- Born: 11 November 1967 Uganda
- Died: 5 September 2018 (aged 50) Virginia, United States
- Citizenship: Uganda
- Education: Makerere University (Bachelor of Laws) Law Development Centre (Diploma in Legal Practice) University of Warwick (Master of Laws)
- Occupation: Human rights lawyer
- Years active: 1993 — 2018
- Known for: Legal expertise

= Stella Nansikombi Makubuya =

Ugandan lawyer

Stella Nansikombi Mukasa Makubuya (née Stella Nansikombi), (11 November 1967 – 5 September 2018), was a Ugandan human-rights lawyer, and women's rights activist who served as the Regional Director for Africa at the International Center for Research on Women (ICRW).

==Early life and education==
She was born to the late Dorcus Naluzze Mukasa and Peter Mukasa, on 11 November 1967, in the Buganda Region of Uganda. She attended Gayaza Junior School and then Gayaza High School, where she obtained her High School Diploma.

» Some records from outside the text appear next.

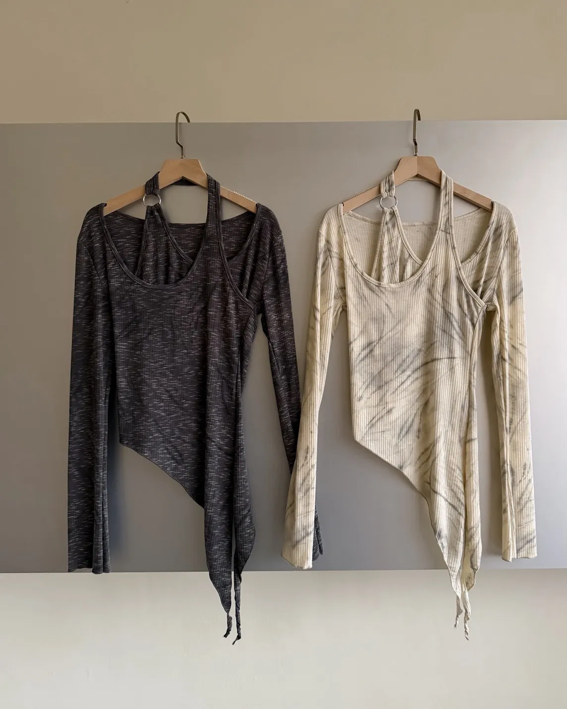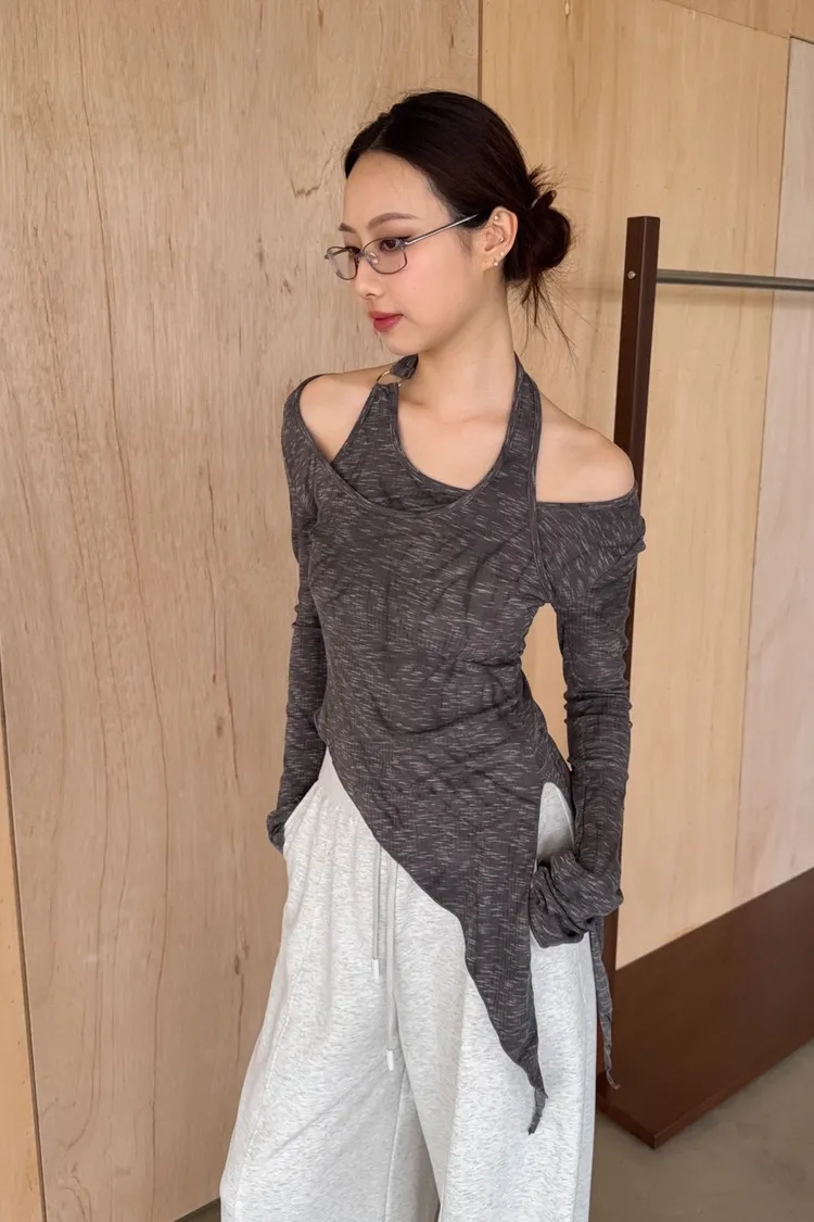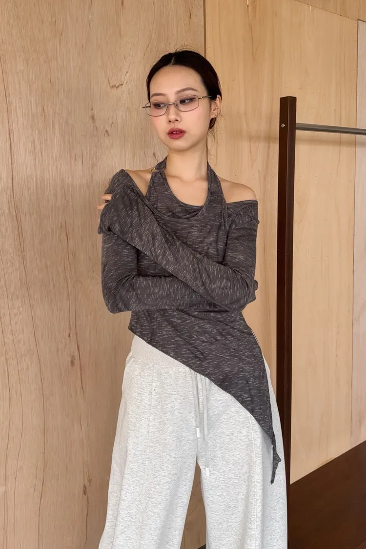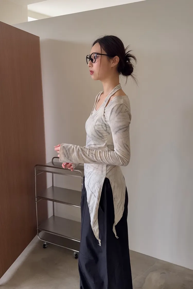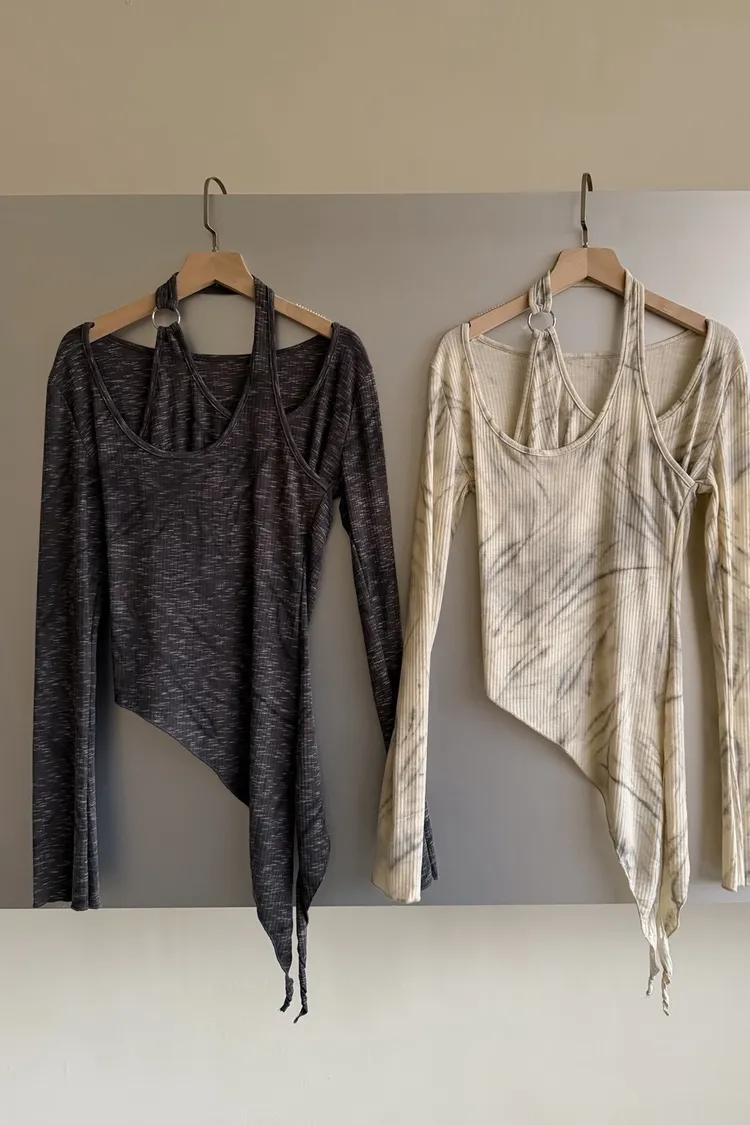 A0005不規則繞頸暈染上衣(杏/深灰)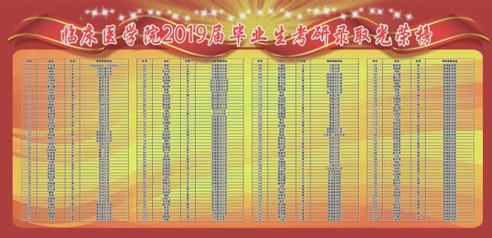 近日,2019年硕士研究生招生录取工作已接近尾声,在全院师生的共同努力下,公司2019届毕业生喜报频传,考研工作再创佳绩。据统计,公司2019届临床医学专业本科生705人,截至目前已经有205名同学成功考取硕士研究生,升学率为29.07%,其中有27人被美国Pepperdine University、上海交通大学、复旦大学、浙江大学、四川大学等知名院校录取。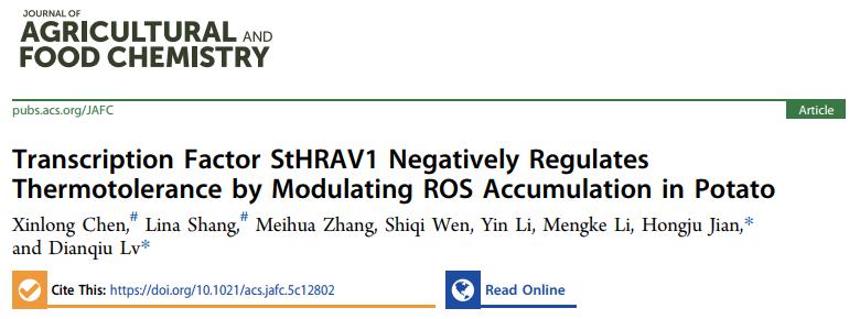 吕典秋课题组在国际期刊《Journal of Agricultural and Food Chemistry》上发表题为Transcription Factor StHRAV1 Negatively Regulates Thermotolerance by Modulating ROS Accumulation in Potato的研究论文。该研究鉴定了一个新的RAV家族转录因子StHRAV1,系统解析其通过调控活性氧(ROS)稳态负向调控马铃薯耐热性的分子机制,为作物耐高温分子育种提供了新思路。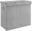 Der faltbare Wäschekorb in Grau ist die perfekte Lösung, um Ihre schmutzige Wäsche ordentlich und dekorativ zu verstauen. Mit den Abmessungen von 64,5 x 34,5 x 59 cm bietet er ausreichend Platz und lässt sich bei Nichtgebrauch platzsparend zusammenklappen. Die 3 herausnehmbaren Innenbeutel erleichtern den Transport zur Waschküche, während der Deckel unangenehme Gerüche fernhält. Hergestellt aus langlebigem Leinenimitat (100% Polyester) und Spanplatte, ist dieser Wäschekorb sowohl robust als auch funktional.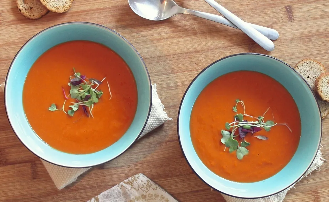 FOTO | Supă picantă de roșii cu burrata / Deasupra se adaugă câteva picături de ulei de măsline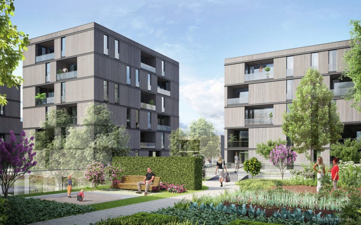 Wo viel Grün ist, bedarf es viel Wassers. Die Architekten integrieren Rückhaltesysteme auf den begrünten Dächern, die das Regenwasser sammeln und eine komfortable Bewässerung ermöglichen. Dazu kommen Grundwasserbrunnen. Zur Förderung des Artenschutzes werden Nisthilfen für Vögel und Fledermäuse in die Gebäudefassade implementiert. Die Wohngebäude präsentieren sich nicht nur mit ihrem Holzgewand im Zeichen der Nachhaltigkeit: Sie verfügen unter anderem über eine hochwertige Wärmedämmung an der Fassade und den Fenstern sowie eine dezentrale Lüftung mit Wärmerückgewinnung. Eine Vielzahl von Photovoltaikmodulen unterstützt den ressourcenschonenden Gebäudebetrieb.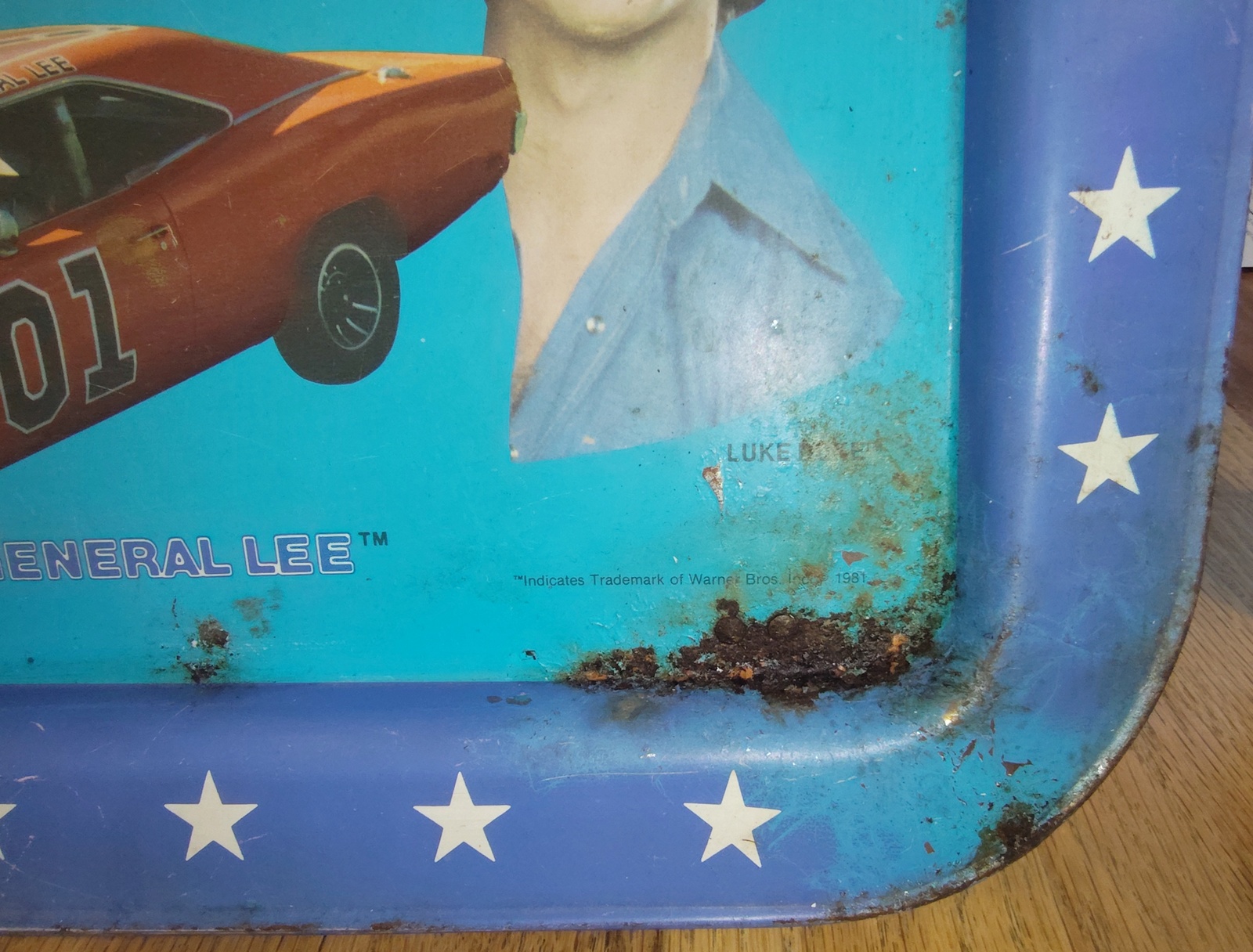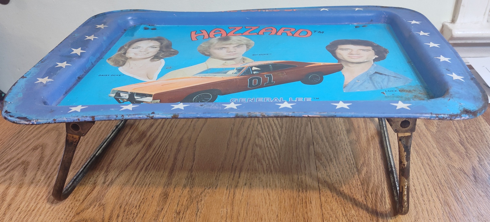 Up for sale is a used Dukes of Hazzard TV tray from 1981 – what you see in the pictures is what you get! This measures about 12 1/2″ wide by about 17 1/2 inches long by about 2″ tall (when folded) or about 6 1/2″ tall (with the legs extended)

She was admitted to Makerere University Law School, where she graduated with a Bachelor of Laws degree. She went on to obtain a Diploma in Legal Practice, from the Law Development Centre, in Kampala, Uganda's capital city. She was then admitted to the Uganda Bar, as a practicing attorney. Later, she obtained a Master of Laws degree, from the University of Warwick, in the United Kingdom.

==Career==
Stella Makubuya served as a legal officer in the Ugandan Ministry of Gender, Labour and Social Development. She then worked as Director, Manager and Consultant at Nordic Consulting Group Uganda.

She served as an advisor to several governments, national and international NGOs and development agencies, including Nnabagereka Development Foundation. She also served as Chair and Vice Chair on the boards of Akina Mama wa Afrika, International Federation of Women Lawyers (FIDA), ActionAid Uganda and Open Society Initiative for East Africa (OSIEA).

==Family==
Stella Makubuya was married to Apollo Makubuya, a fellow lawyer and the chairman of Equity Bank Uganda Limited. Together, they are parents to three daughters (a) Athena Mulungi Nakku (b) Angela Kitiibwa Nakimuli and (c) Andrea Kwagalakwe Nabakka.

==Illness and death==
On 5 September 2018, Stella Makubuya died in the State of Virginia, in the United States, where she was undergoing treatment for cancer, reported to be of the gall bladder.